[Extracted records]
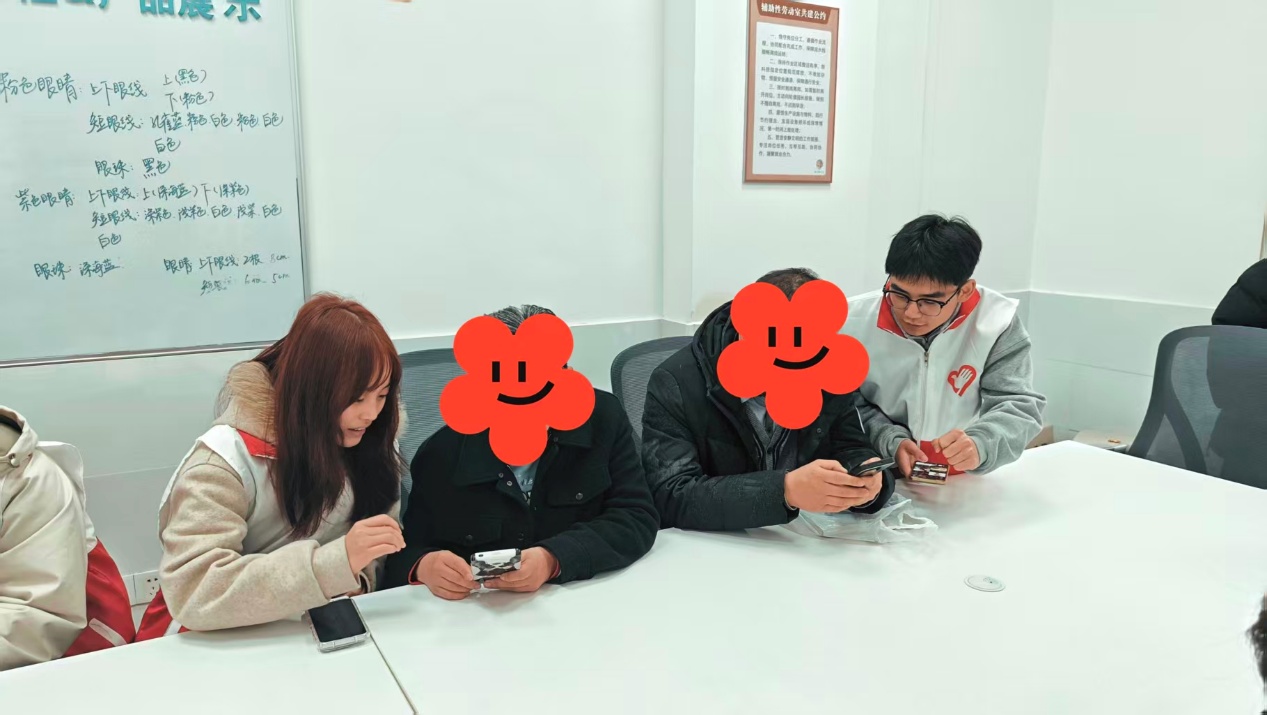 理论课程结束后,活动进入关键的“一对一”帮扶实践环节。我校大学生志愿者们迅速与学员结对,围坐在会议桌旁,耐心细致地开展手把手教学。从教授如何导入素材、进行基础剪辑,到讲解如何添加文字、贴纸、设置动画效果,志愿者们将复杂的操作分解为一个个易懂的步骤。学员们全神贯注,或紧盯手机屏幕尝试操作,或积极提问,现场学习氛围浓厚而温馨。
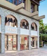 Italian heritage brand Fendi has opened a new boutique at Waikiki’s Royal Hawaiian Center in Honolulu. The a 3,186-square-foot space showcases men’s and women’s leather goods, accessories, ready-to-wear clothing and shoes. Honoring the Roman roots of the Maison, the façade features handmade concrete palm tiles, which recalls the arches of Fendi’s headquarters at Palazzo della Civiltà Italiana. Upon entering, guests are welcomed to the first floor of the multi level boutique, which features the brand’s iconic bags on travertine shelves. The first floor’s men’s universe features green and camel tones, characterized by a curated mix of furniture and palm tiles alongside wooden and raffia elements. Hawaiian Acacia koa wood enriches the space with an exquisite staircase enhanced with a special wall in striped travertine with inserts of the label’s FF codes in red travertine. On the second floor, Patagonia marble and concrete flooring is covered by handmade agave fiber carpets in golden hues, plaster walls are complemented by silver and champagne metal display and shoes are presented on marble shelves. The space is enriched by a dedicated seating area with Fendi Casa furniture, that plays into the raffia and wood accented environment.
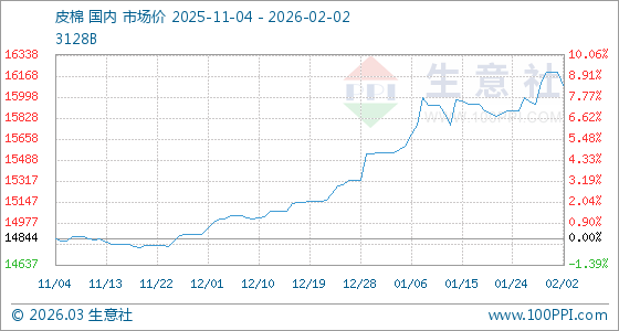 2月2日,生意社皮棉基準價為16196.50元/噸,與本月初持平。
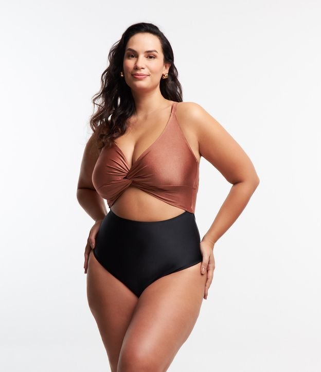 Traje de baño ligero de microfibra bicolor con busto retorcido en marrón cobrizo/negro
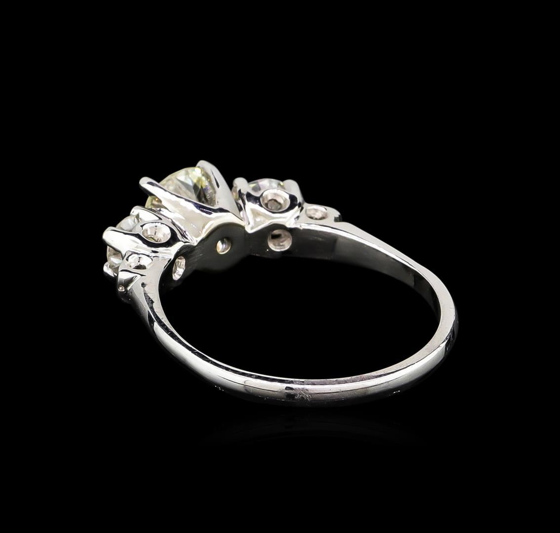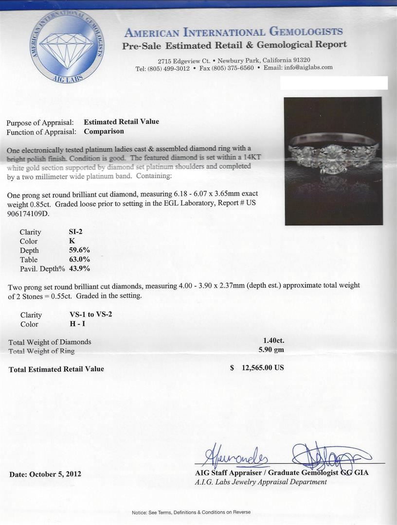 One electronically tested platinum ladies cast & assembled diamond ring with a bright polish finish. Condition is good. The featured diamond is set within a 14KT white gold section supported by diamond set platinum shoulders and completed by a two millimeter wide platinum badn. Containing: One prong set round brilliant cut diamond, measuring 6.18 - 6.07 x 3.65mm exact weight of 0.85ct. Graded loose prior to setting in the EGL Laboratory, Report # US906174109D. Clarity: SI-2. Color: K. Depth: 59.6%. Table: 63.0%. Pavil Depth %: 43.9%. Two prong set round brilliant cut diamonds, measuring 4.00 - 3.90 x 2.37mm (depth est.) approximate total weight of 2 Stones = 0.55ct. Graded in the setting. Clarity: VS-1 to VS-2. Color: H - I. Total Weight of Diamonds: 1.40ct. Total Weight of Ring: 5.90 grams. AIG Appraised at $12,565.00.

Your goal:
From the opening line of the entries above to the line that holds "Traje de baño", inclusive, reproduce each line exactly and omit any picture.

Finished exercise:
 理论课程结束后,活动进入关键的“一对一”帮扶实践环节。我校大学生志愿者们迅速与学员结对,围坐在会议桌旁,耐心细致地开展手把手教学。从教授如何导入素材、进行基础剪辑,到讲解如何添加文字、贴纸、设置动画效果,志愿者们将复杂的操作分解为一个个易懂的步骤。学员们全神贯注,或紧盯手机屏幕尝试操作,或积极提问,现场学习氛围浓厚而温馨。
 Italian heritage brand Fendi has opened a new boutique at Waikiki’s Royal Hawaiian Center in Honolulu. The a 3,186-square-foot space showcases men’s and women’s leather goods, accessories, ready-to-wear clothing and shoes. Honoring the Roman roots of the Maison, the façade features handmade concrete palm tiles, which recalls the arches of Fendi’s headquarters at Palazzo della Civiltà Italiana. Upon entering, guests are welcomed to the first floor of the multi level boutique, which features the brand’s iconic bags on travertine shelves. The first floor’s men’s universe features green and camel tones, characterized by a curated mix of furniture and palm tiles alongside wooden and raffia elements. Hawaiian Acacia koa wood enriches the space with an exquisite staircase enhanced with a special wall in striped travertine with inserts of the label’s FF codes in red travertine. On the second floor, Patagonia marble and concrete flooring is covered by handmade agave fiber carpets in golden hues, plaster walls are complemented by silver and champagne metal display and shoes are presented on marble shelves. The space is enriched by a dedicated seating area with Fendi Casa furniture, that plays into the raffia and wood accented environment.
 2月2日,生意社皮棉基準價為16196.50元/噸,與本月初持平。
 Traje de baño ligero de microfibra bicolor con busto retorcido en marrón cobrizo/negro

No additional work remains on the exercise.